Skip the pictures, please, and write out exactly the lines from the opening of the data through the line containing "Разделение маленькой комнаты".

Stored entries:
=== Section Start ===

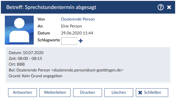 Die jeweiligen Personen erhalten eine Nachricht über die Absage und die ursprünglich gebuchten Termine verschwinden aus Ihrem persönlichen Terminplaner.
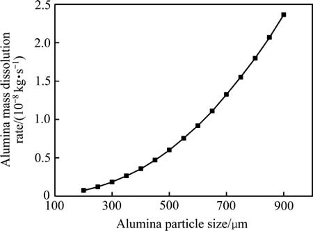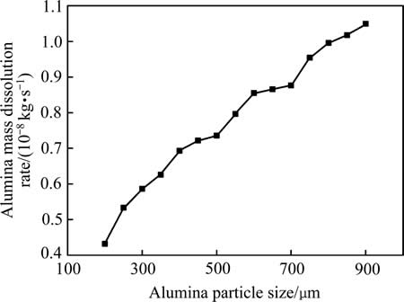 Fig. 9 Relationship between alumina mass dissolution rate and particle size
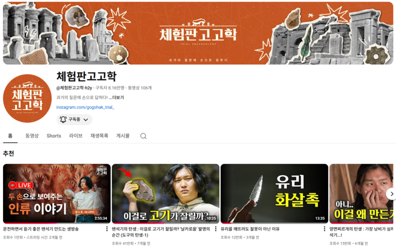8만 명의 구독자를 보유한 유튜브 채널 ‘체험판 고고학’의 통해 선사시대 도구 제작, 사냥 체험 등 독창적인 교육 프로그램을 운영하고, 침산야영장에서 이색 숙박 서비스도 제공한다.
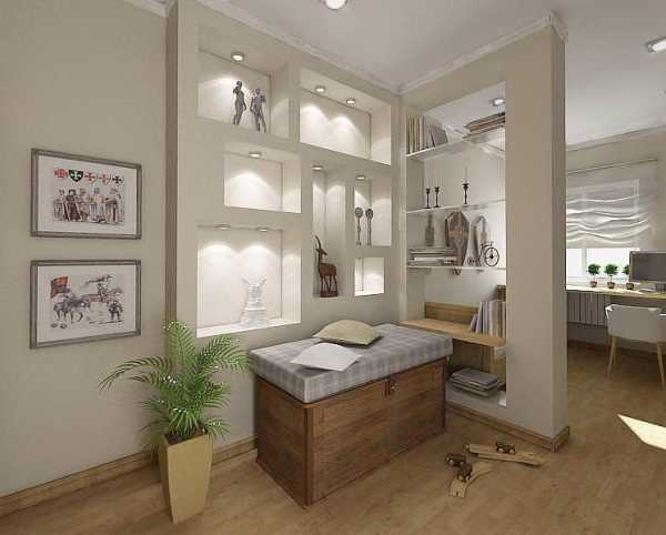 Разделение маленькой комнаты сплошной стеной возможно при наличии двух оконных проемов. В противном случае одна из изолированных частей помещения лишается естественного освещения, оставаясь темной. Чтобы этого не произошло, в качестве перегородки используют конструкции стеллажей.
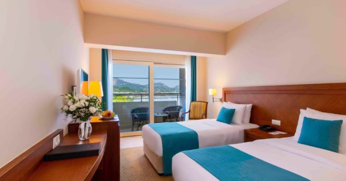 Hotelul pune la dispozitia oaspetilor sai restaurant principal, restaurante a-la-carte, lobby bar, bar la piscina, bar pe plaja, crama, piscina si piscina cu tobogane, fitness, centru SPA, baie turceasca, sauna, baie de aburi, wi-fi, rent-a-car, spalatorie, coafor, doctor, parcare, sezlonguri si umbrela, prosoape pentru piscina, teren de tenis, loc de joaca pentru copii, mini club pentru copii, baby cot (la cerere), baby sitter.
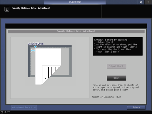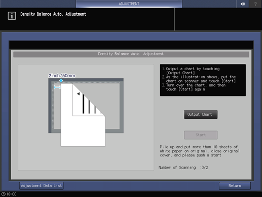 Charts are output, and the Density Balance Auto. Adjustment Result screen is displayed.
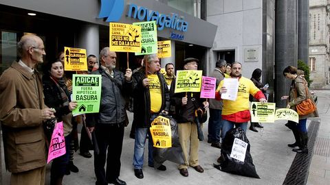 06 mar 2013 . Actualizado a las 20:25 h.Un grupo de personas se ha manifestado esta mañana en Vigo contra los abusos bancarios. Los participantes estaban convocados por Adicae y que rían mostrar su rechazo por las cláusulas abusivas de las hipotecas.
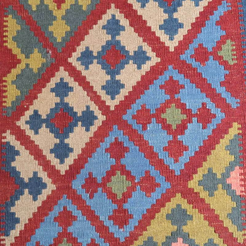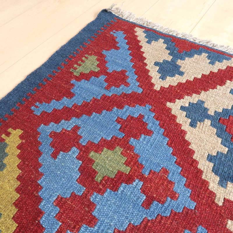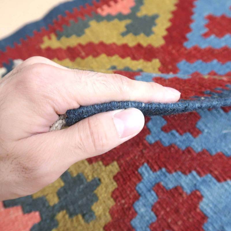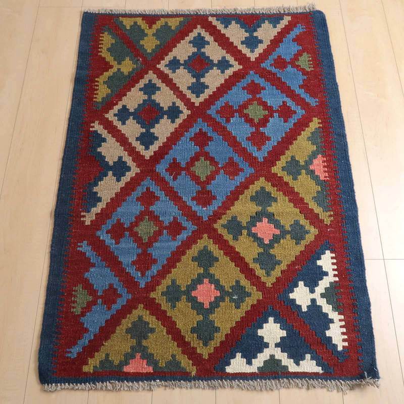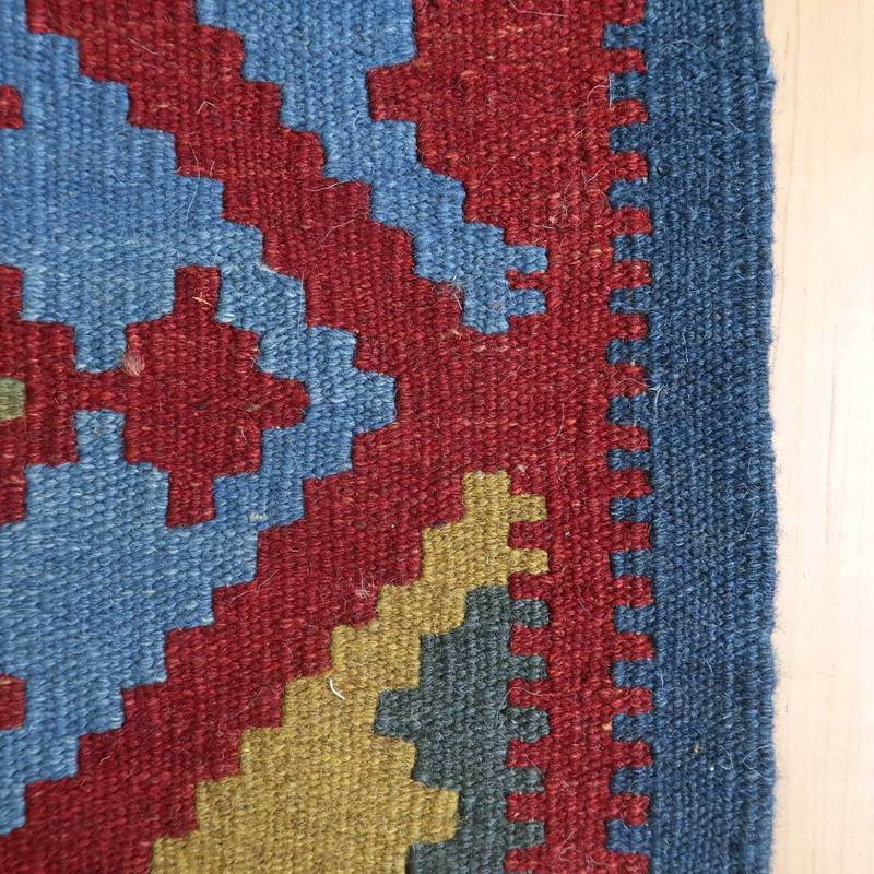 イラン南部シラーズ地方のキリムです。いくつかの色を使用した幾何学柄やギザギザ文様はリズムのある明るい雰囲気。使用している色はどれも、くすみのある落ち着いた色なので、目立たずインテリアに馴染みます。カシュガイの女性が昔ながらに織り上げたキリムなので、よく締まった丈夫な織り目で、早く仕上げる為、ゆるく粗く織られる商用生産のキリムには無い、誠実さが伝わってくる一枚です。また、平織り(ひらおり)という裏表の無い織り方で両面使えます。カシュガイ・キリムは遊牧のテント生活用の為、丈夫に織られ、洗濯も簡単、普段使いのラグとして扱いやすいキリムです。
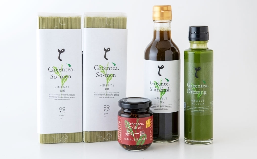 “飲む”だけでなく“食べる”ことで、お茶の新しい楽しみ方をご提案します。 オリジナルセット ( 素麺 × 2 、ラー油 、 白だし 、 ドレッシング ) 旨味 香り だし セット 出汁 お茶ドレッシング お茶まるごと白だし 茶そうめん 食べるお茶ラー油 そうめん
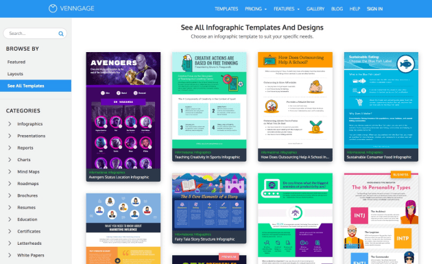 Venngage 是一款专为创建信息图表而设计的出色工具,可以使用不同的模板来创建平面广告物料。免费计划仅允许使用5种设计,这是Venngage的局限。
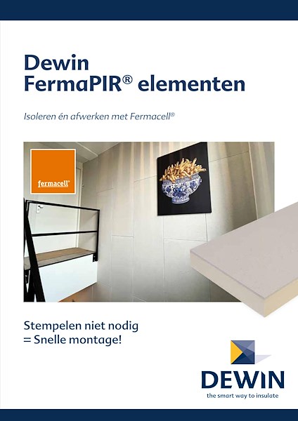 Fermacell BV, met veel kennis over droge afbouw, en Dewin, producent van geïsoleerde bouwplaten, zijn partners voor FermaPIR®. De toplaag van Fermacell® is een robuuste afwerking die een prima aanzicht voor publieke ruimtes biedt maar die, indien gewenst, ook gemakkelijk behangen, geschilderd, gepleisterd of betegeld kan worden. Hiervoor kunnen de methodes worden gebruikt zoals gebruikelijk voor fermacell® platen. Montage met een High Tack Montagekit maakt snelle montage mogelijk zonder stempelen!
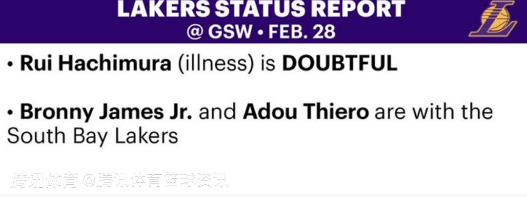 北京时间2月28日,湖人官方公布了明日对阵勇士的伤病报告,明天上午9点30分,湖人将客场对阵勇士。
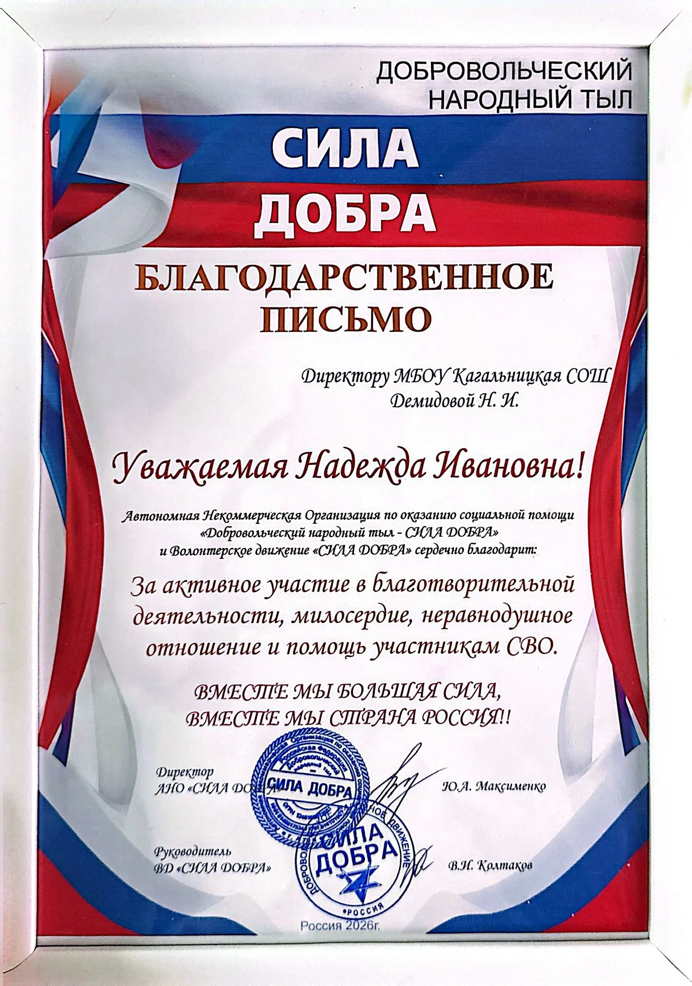 В рамках мероприятия, директор МБОУ Кагальницкой СОШ Демидова Надежда Ивановна, была удостоена почетной награды. Ей было вручено благодарственное письмо от директора АНО «Сила добра» Максименко Ю.А. и руководителя ВД «Сила добра» В.И. Колтакова.

=== Section End ===

TASK RESPONSE:
 Die jeweiligen Personen erhalten eine Nachricht über die Absage und die ursprünglich gebuchten Termine verschwinden aus Ihrem persönlichen Terminplaner.
 Fig. 9 Relationship between alumina mass dissolution rate and particle size
8만 명의 구독자를 보유한 유튜브 채널 ‘체험판 고고학’의 통해 선사시대 도구 제작, 사냥 체험 등 독창적인 교육 프로그램을 운영하고, 침산야영장에서 이색 숙박 서비스도 제공한다.
 Разделение маленькой комнаты сплошной стеной возможно при наличии двух оконных проемов. В противном случае одна из изолированных частей помещения лишается естественного освещения, оставаясь темной. Чтобы этого не произошло, в качестве перегородки используют конструкции стеллажей.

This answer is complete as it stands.